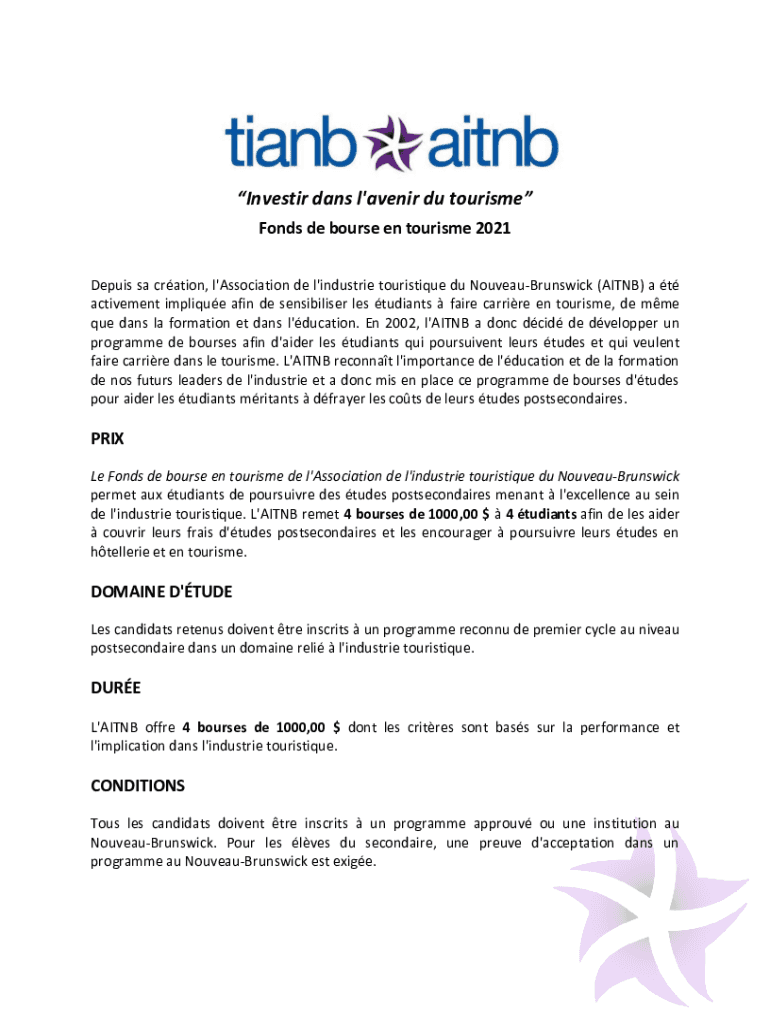 Investor days l\'avenge Du tourism Finds DE course en tourism 2021 Deputy sac ration, l\'Association de l\'industries touristic Du NouveauBrunswick (AI TNB) a t achievement appliquéing akin DE sensibilize
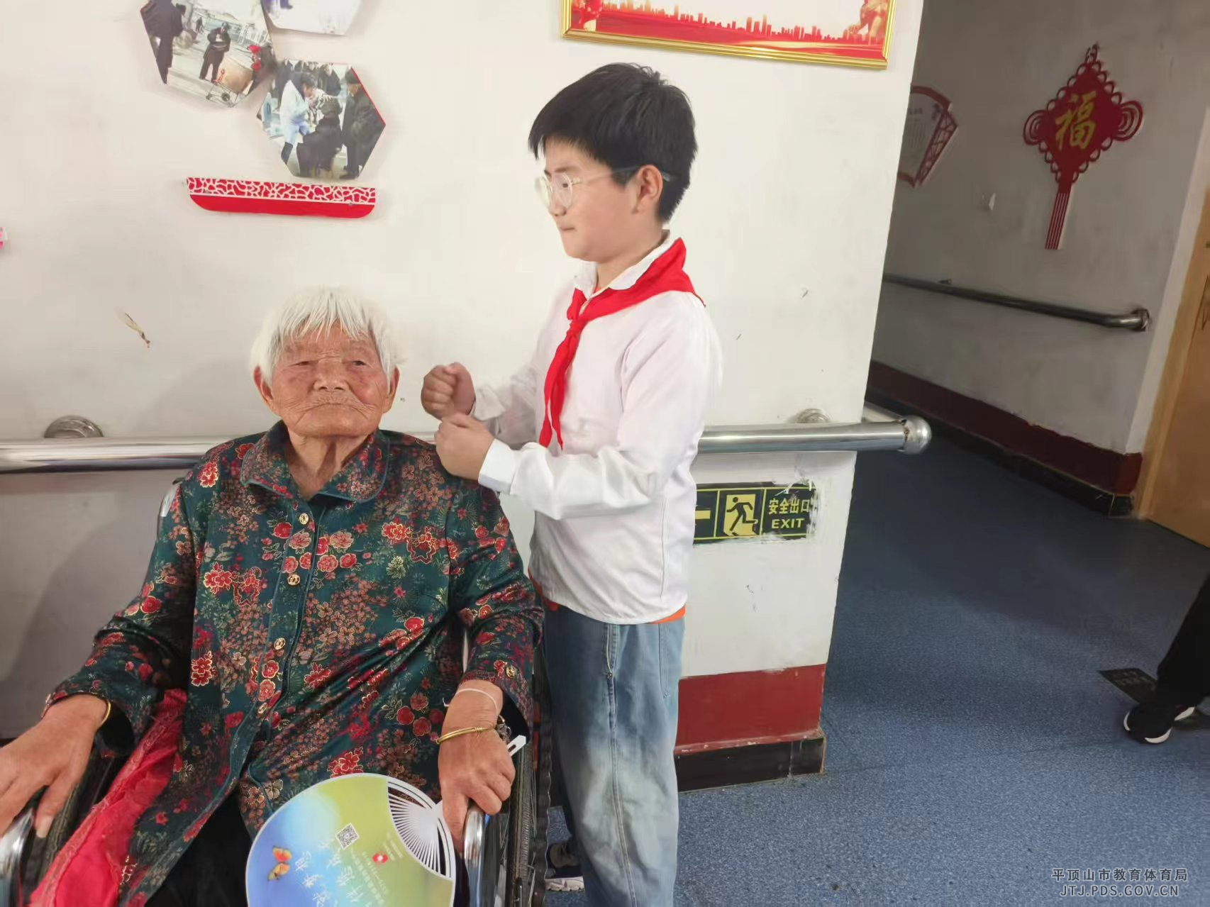 大家为老人们捶背、捏腿,用稚嫩却真诚的话语关心着老人们的身体状况,让平日里安静的敬老院瞬间充满了欢声笑语。还有的队员为老人整理床铺,打扫卫生,让老人们居住舒心。
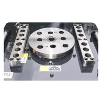 Электрический двигатель и редуктор приводят в движение рабочий диск. Арматура сгибается вокруг оси этого диска. Радиус, угол изгиба и форма корректируются при помощи втулок.
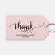 Dessa vänteletaggar för möhippan "tack" för rosan är perfekt för en elegant bröllop-dusch. Utformningen har ett romantiskt och sött, flytande, kursivt teckensnitt på en vacker och känslig bakgrund för rosa av ballett. Anpassa dessa favoritetiketter med bridens namn och möhippans datum.
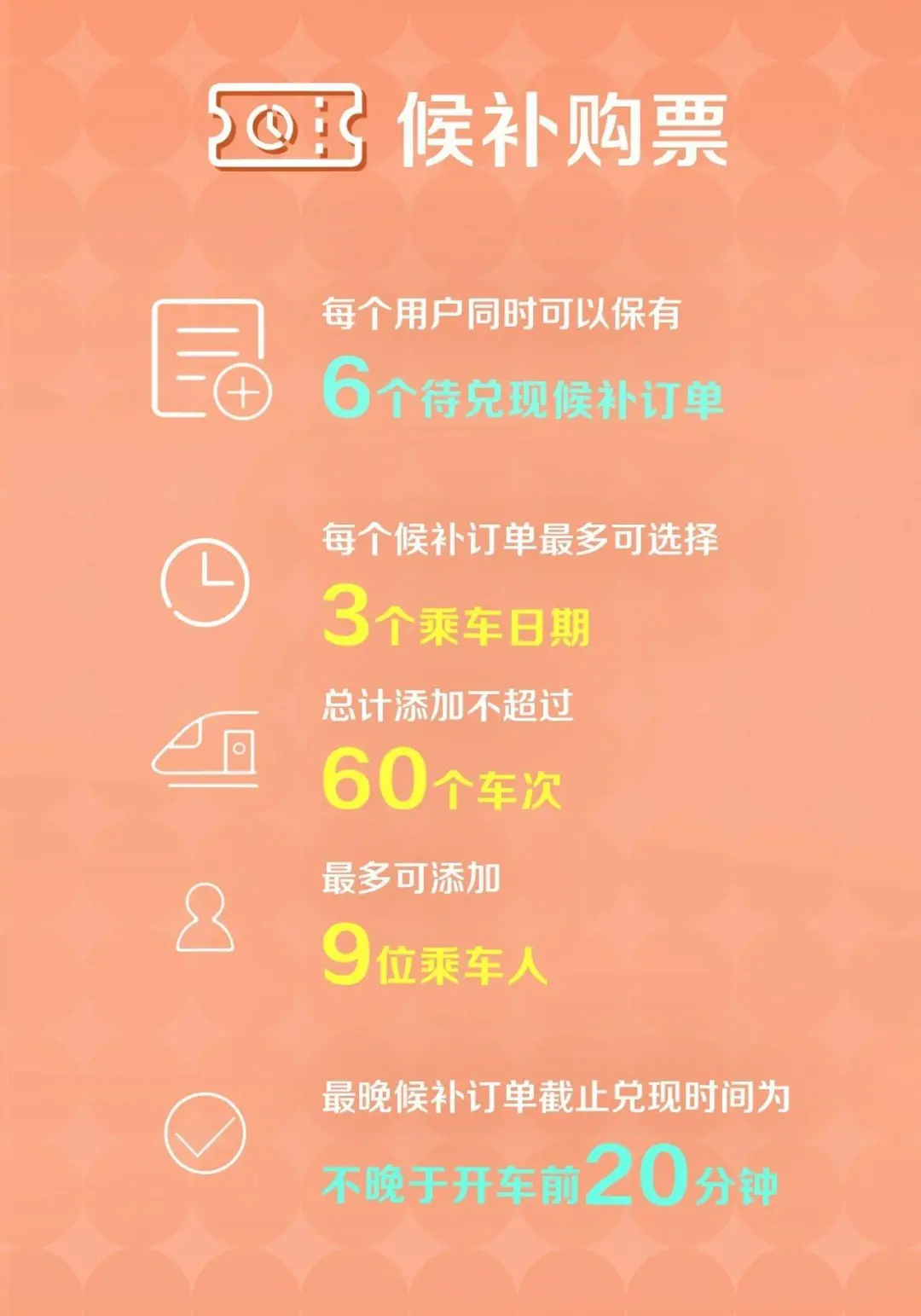 候补购票:每个用户可以有6个待兑现候补订单,每个候补订单最多可选择3个乘车日期,总计添加不超过60个车次。
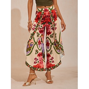 Pentru femei Pantaloni cu picioare largi Lungime totală Satin Picior Larg Imprimeu Micro-elastic Vacanță Pantaloni Vacanță Trifoi Primavara vara S M L
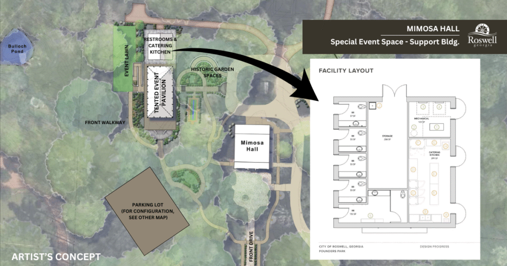 A focal point of this sweeping initiative is the redevelopment of the grounds of Mimosa Hall, where construction is currently underway to create a central hub for Founders Park: a stunning new event lawn and supporting facility. The goal is to provide a flexible, beautiful gathering space for weddings, concerts, reunions, and community events—while carefully preserving the historic charm that defines the site.
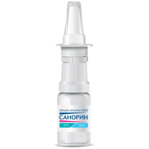 Интраназально. По 1-3 дозы препарата в каждый носовой ход 3-4 раза в сутки. При первом применении спрея рекомендуется несколько раз нажать на дозирующее устройство, пока не появится компактное облачко аэрозоля. Перед непосредственным применением снимите защитный колпачок, флакон держите в вертикальном положении, концевую часть дозирующего устройства введите в носовой ход, после чего быстро и резко нажмите на аппликатор. Непосредственно сразу после впрыска рекомендуется произвести легкий вдох носом. После применения препарата аппликатор закройте защитным колпачком. Применять кратковременно, не более 1 недели у взрослых и не более 3-х дней у детей. Если носовое дыхание облегчается, то применение препарата Санорин можно закончить раньше. Повторное применение препарата возможно через несколько дней.

****

None of the pictures should be copied, but every record above must be restated in full.

 Investor days l\'avenge Du tourism Finds DE course en tourism 2021 Deputy sac ration, l\'Association de l\'industries touristic Du NouveauBrunswick (AI TNB) a t achievement appliquéing akin DE sensibilize
 大家为老人们捶背、捏腿,用稚嫩却真诚的话语关心着老人们的身体状况,让平日里安静的敬老院瞬间充满了欢声笑语。还有的队员为老人整理床铺,打扫卫生,让老人们居住舒心。
 Электрический двигатель и редуктор приводят в движение рабочий диск. Арматура сгибается вокруг оси этого диска. Радиус, угол изгиба и форма корректируются при помощи втулок.
 Dessa vänteletaggar för möhippan "tack" för rosan är perfekt för en elegant bröllop-dusch. Utformningen har ett romantiskt och sött, flytande, kursivt teckensnitt på en vacker och känslig bakgrund för rosa av ballett. Anpassa dessa favoritetiketter med bridens namn och möhippans datum.
 候补购票:每个用户可以有6个待兑现候补订单,每个候补订单最多可选择3个乘车日期,总计添加不超过60个车次。
 Pentru femei Pantaloni cu picioare largi Lungime totală Satin Picior Larg Imprimeu Micro-elastic Vacanță Pantaloni Vacanță Trifoi Primavara vara S M L
 A focal point of this sweeping initiative is the redevelopment of the grounds of Mimosa Hall, where construction is currently underway to create a central hub for Founders Park: a stunning new event lawn and supporting facility. The goal is to provide a flexible, beautiful gathering space for weddings, concerts, reunions, and community events—while carefully preserving the historic charm that defines the site.
 Интраназально. По 1-3 дозы препарата в каждый носовой ход 3-4 раза в сутки. При первом применении спрея рекомендуется несколько раз нажать на дозирующее устройство, пока не появится компактное облачко аэрозоля. Перед непосредственным применением снимите защитный колпачок, флакон держите в вертикальном положении, концевую часть дозирующего устройства введите в носовой ход, после чего быстро и резко нажмите на аппликатор. Непосредственно сразу после впрыска рекомендуется произвести легкий вдох носом. После применения препарата аппликатор закройте защитным колпачком. Применять кратковременно, не более 1 недели у взрослых и не более 3-х дней у детей. Если носовое дыхание облегчается, то применение препарата Санорин можно закончить раньше. Повторное применение препарата возможно через несколько дней.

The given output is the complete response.